We mainly contemplate three levels of ownership of data when structuring Vault KV engines and path naming standards:

  • Datacentre: Refers to a physical infrastructure where multiple environments can be deployed;

  • Environment: Refers to a set of applications, services, or infrastructure components deployed together to deliver functionality to end-users;

  • Application/Service/Infrastructure Component: Pieces of software or infrastructure components that can be deployed to an environment to fulfill a role.

In the current Vault structure, secrets are organised hierarchically to ensure clear separation of concerns between different datacentres, environments and applications, services or infrastructure components. This allows us to tightly control access and facilitate the management of data at scale.

The structure of a Vault configuration or secret follows the pattern:

<prefix>/<service>/<secret>
Basic secret path structure

Where:

  • <prefix>: Refers to the path representing the context (e.g., shared/global, <datacentre>/<environment>, dev/<team>);

  • <service>: The name of the application, service, or infrastructure component;

  • <secret>: The specific configuration or secret being stored for that service or component (e.g., configuration files, credentials, or complete files such as values.yml for Helm charts).

In a more practical example of the SKAO’s context, this can be represented by:

Vault configuration structure

This structure simplifies the management of access control to the various KV engines and subpaths. Now, we must look at the various KV engines available and how they are meant to be used.

Vault KV Engines

Vault KV engines offer a secure way to store and manage key-value pairs. Values can have any format and content, from simple strings to complete files, up to a maximum of 1024 KiB. Also, it has an unlimited number of “directories” - powered by its path-based flat structure - where data can be stored. They are organised into three main categories:

  • Dev KV Engine: Stores configurations to be used in development deployments and CI/CD;

  • Shared KV Engine: Stores configurations that are shared across datacentres and environments (production-grade deployments);

  • Datacentre-Specific KV Engines: Stores configurations specific to each datacentre with segregation by environment (production-grade deployments).

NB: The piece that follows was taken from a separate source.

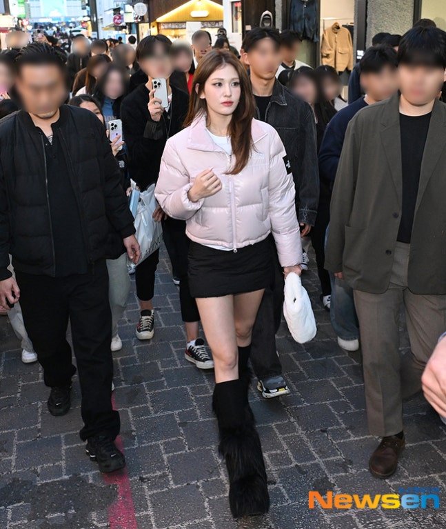 이날 전소미는 파스텔톤 핑크색 숏패딩에 검은색 미니스커트를 입고 니삭스에 털 부츠로 캐주얼하면서도 개성이 드러나는 패션을 선보였다.

Separating secrets into multiple engines allows us to:

  • Simplify secret’s organisation and management;

  • Implement easier access control policies;

  • Have a shared engine and sections to reduce duplication.

Let’s look at the various KV engines and the roles they are designed to play, including the users which each of these KV engines may be used by.

Shared

The Shared KV Engine is used for configurations that need to be shared across multiple datacentres or environments of the same type. This engine is structured to enable secure access at both the global and environment-specific levels while allowing efficient data sharing. It is composed of two categorical sections - global and environment/environment-type specific:

  • Global Section:
    • Path: shared/global/

    • Contents: Secrets that are common to all datacentres and environments

    • Examples:
      • API keys for external or central services:
        • InfraHQ access key

        • Best-practice configurations for ska-tango-base

      • Infrastructure configurations:
        • Network configurations

        • Common firewall rules

    • Users: SRE and AIV Teams

  • Environment / Environment-Type Sections:
    • Path: shared/<environment or environment-type>/

    • Contents: Secrets shared among environments of the same name or type (e.g., shared/staging/, shared/production/)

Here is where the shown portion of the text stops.